Further, the insulating arc wall in the magnetic system component of the utility model can generate gas which is beneficial to cooling the temperature of the arc under the high temperature effect of the arc, and the gas can also help to drive the arc into the arc extinguishing chamber, so that the voltage of the arc is raised more quickly, and the arc is extinguished effectively.

Drawings

The drawings described herein are for illustration purposes only and are not intended to limit the scope of the present disclosure in any way. In addition, the shapes, proportional sizes, and the like of the respective components in the drawings are merely illustrative for aiding in understanding the present utility model, and are not particularly limited. In the drawings:

FIG. 1 is a schematic diagram of an embodiment of the present utility model;

FIG. 2 is an exploded view of an embodiment of the present utility model;

FIG. 3 is an internal schematic diagram of an embodiment of the present utility model;

FIG. 4 is a schematic view of the position of a stationary contact according to an embodiment of the present utility model;

FIG. 5 is a schematic diagram of a first magnetic system component of an embodiment of the present utility model;

FIG. 6 is a schematic diagram of a third magnetizer according to an embodiment of the present utility model;

FIG. 7 is a schematic diagram of a second magnetic system component of an embodiment of the present utility model;

FIG. 8 is a schematic view of a moving contact holder according to an embodiment of the present utility model;

1, a shell;

2. a first stationary contact assembly; 21, a first static contact part; 22, a first static contact arc striking part; 23, a first static contact connecting part;

3. The second static contact assembly, 31, the second static contact part, 32, the second static contact arc striking part, 33, the second static contact connecting part;

4. the device comprises a moving contact, a first contact part of the moving contact, a second contact part of the moving contact, a moving contact bracket and a second contact part of the moving contact, wherein the moving contact is 41;

6. The first arc extinguishing chamber, 61, a first metal grid sheet, 62, a first fixed clamping plate;

7. The second arc extinguishing chamber, 71, second metal grid plates, 72, second fixed clamping plates;

8. First magnetic system component 81, first permanent magnet 82, first magnetizer 821, first side wall 8211, first tooth-shaped extension part 822, second side wall 8221, second tooth-shaped extension part 83, first insulation arc-separating cover 831, first insulation arc-separating wall 832, second insulation arc-separating wall;

9. Second magnetic system component 91, second permanent magnet 92, second magnetizer 921, third side wall 922, fourth side wall 93, second insulating arc-isolating cover 9211, third tooth-shaped extension portion 9221, fourth tooth-shaped extension portion 931, third insulating arc-isolating wall 932, fourth insulating arc-isolating wall;

10. Third magnetizer, 11, fourth magnetizer.

Detailed Description

In order to make the technical solution of the present utility model better understood by those skilled in the art, the technical solution of the present utility model will be clearly and completely described below with reference to the accompanying drawings in the embodiments of the present utility model, and it is apparent that the described embodiments are only some embodiments of the present utility model, not all embodiments. All other embodiments, which can be made by those skilled in the art based on the embodiments of the utility model without making any inventive effort, shall fall within the scope of the utility model.
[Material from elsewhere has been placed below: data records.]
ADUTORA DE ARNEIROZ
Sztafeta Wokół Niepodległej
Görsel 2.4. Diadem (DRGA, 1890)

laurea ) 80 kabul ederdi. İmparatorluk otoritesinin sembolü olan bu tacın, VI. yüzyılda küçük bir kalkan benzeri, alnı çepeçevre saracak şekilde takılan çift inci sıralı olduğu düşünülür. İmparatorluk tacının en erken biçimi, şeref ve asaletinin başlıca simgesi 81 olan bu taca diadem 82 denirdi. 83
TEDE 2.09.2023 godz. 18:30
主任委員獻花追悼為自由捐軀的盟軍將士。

It will be understood that when an element is referred to as being "disposed on" another element, it can be directly on the other element or intervening elements may also be present. When an element is referred to as being "connected" to another element, it can be directly connected to the other element or intervening elements may also be present. The terms "vertical," "horizontal," "left," "right," and the like are used herein for illustrative purposes only and are not meant to be the only embodiment.

Unless defined otherwise, all technical and scientific terms used herein have the same meaning as commonly understood by one of ordinary skill in the art to which this utility model belongs. The terminology used herein in the description of the utility model is for the purpose of describing particular embodiments only and is not intended to be limiting of the utility model. The term "and/or" as used herein includes any and all combinations of one or more of the associated listed items.
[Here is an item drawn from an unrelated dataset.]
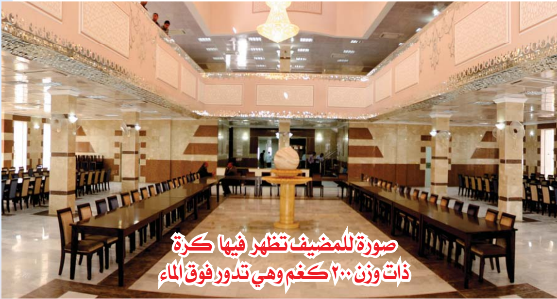
صورة للمضيف تظهر فيها كرة ذات وزن ٢٠٠ كغم وهي تدور فوق الماء

وأضاف الشكري في معرض حديثه، «بعد ان بسّست شخصياً من طبيعة تنفيذ المشاريع في العراق استعدت الأمل حينما قدمت وبرفقة سماحة الشيخ الكربلائي وأنا أتجول وأشاهد مشاريع العتبة المقدسة فعدت الى بغداد والأمل يحدوني بتنفيذ مشاريع الحكومة العراقية بنفس الآلية والمثابرة والإخلاص»، مبيناً ان «مدينة الزائرين متميزة

The present utility model will be described in detail with reference to the accompanying drawings.

As shown in fig. 1 and 2, the multi-grid switch unit of the present utility model includes a housing 1, a first fixed contact assembly 2, a second fixed contact assembly 3, a moving contact 4, a moving contact bracket 5, a first arc extinguishing chamber 6, a second arc extinguishing chamber 7, a first magnetic system assembly 8, a second magnetic system assembly 9, a third magnetizer 10 and a fourth magnetizer.
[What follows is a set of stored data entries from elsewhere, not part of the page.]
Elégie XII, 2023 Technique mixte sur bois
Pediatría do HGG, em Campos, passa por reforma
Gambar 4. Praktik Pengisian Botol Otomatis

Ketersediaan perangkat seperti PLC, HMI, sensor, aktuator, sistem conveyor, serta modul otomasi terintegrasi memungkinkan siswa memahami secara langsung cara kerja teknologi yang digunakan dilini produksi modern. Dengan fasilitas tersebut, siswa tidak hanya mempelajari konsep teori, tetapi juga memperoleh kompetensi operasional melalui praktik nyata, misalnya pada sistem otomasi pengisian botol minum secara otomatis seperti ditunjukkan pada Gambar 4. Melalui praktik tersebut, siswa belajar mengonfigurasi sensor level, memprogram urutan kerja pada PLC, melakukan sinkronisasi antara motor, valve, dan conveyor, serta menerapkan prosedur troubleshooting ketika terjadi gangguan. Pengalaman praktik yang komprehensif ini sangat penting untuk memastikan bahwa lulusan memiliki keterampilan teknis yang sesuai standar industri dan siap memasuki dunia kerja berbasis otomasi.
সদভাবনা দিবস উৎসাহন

As shown in fig. 3 and fig. 4, the first stationary contact assembly 2 and the second stationary contact assembly 3 are both disposed on the bottom plate of the housing 1, the housing 1 is a rectangular housing, and the first stationary contact assembly 2 and the second stationary contact assembly 3 are disposed at two diagonal positions of the housing 1 respectively.

The first static contact assembly 2 comprises a first static contact part 21, a first static contact arc striking part 22 and a first static contact connecting part 23, wherein one end of the first static contact arc striking part 22 is connected with the first static contact part 21, and the other end is connected with the first static contact connecting part 23. The other end of the first fixed contact connecting part 23 is vertically connected with the inner wall of the housing 1. The axial direction of the first stationary contact connecting portion 23 is perpendicular to the axial direction of the first stationary contact contacting portion 21. The first fixed contact portion 21, the first fixed contact arc striking portion 22 and the first fixed contact connecting portion 23 are all plate members and are all horizontally arranged.

The second fixed contact assembly 3 comprises a second fixed contact part 31, a second fixed contact arc striking part 32 and a second fixed contact connecting part 33, wherein one end of the second fixed contact arc striking part 32 is connected with the second fixed contact part 31, and the other end is connected with the second fixed contact connecting part 33. The other end of the second fixed contact connecting portion 33 is vertically connected to the inner wall of the housing 1. The second fixed contact assembly 3 has the same structure as the first fixed contact assembly 2.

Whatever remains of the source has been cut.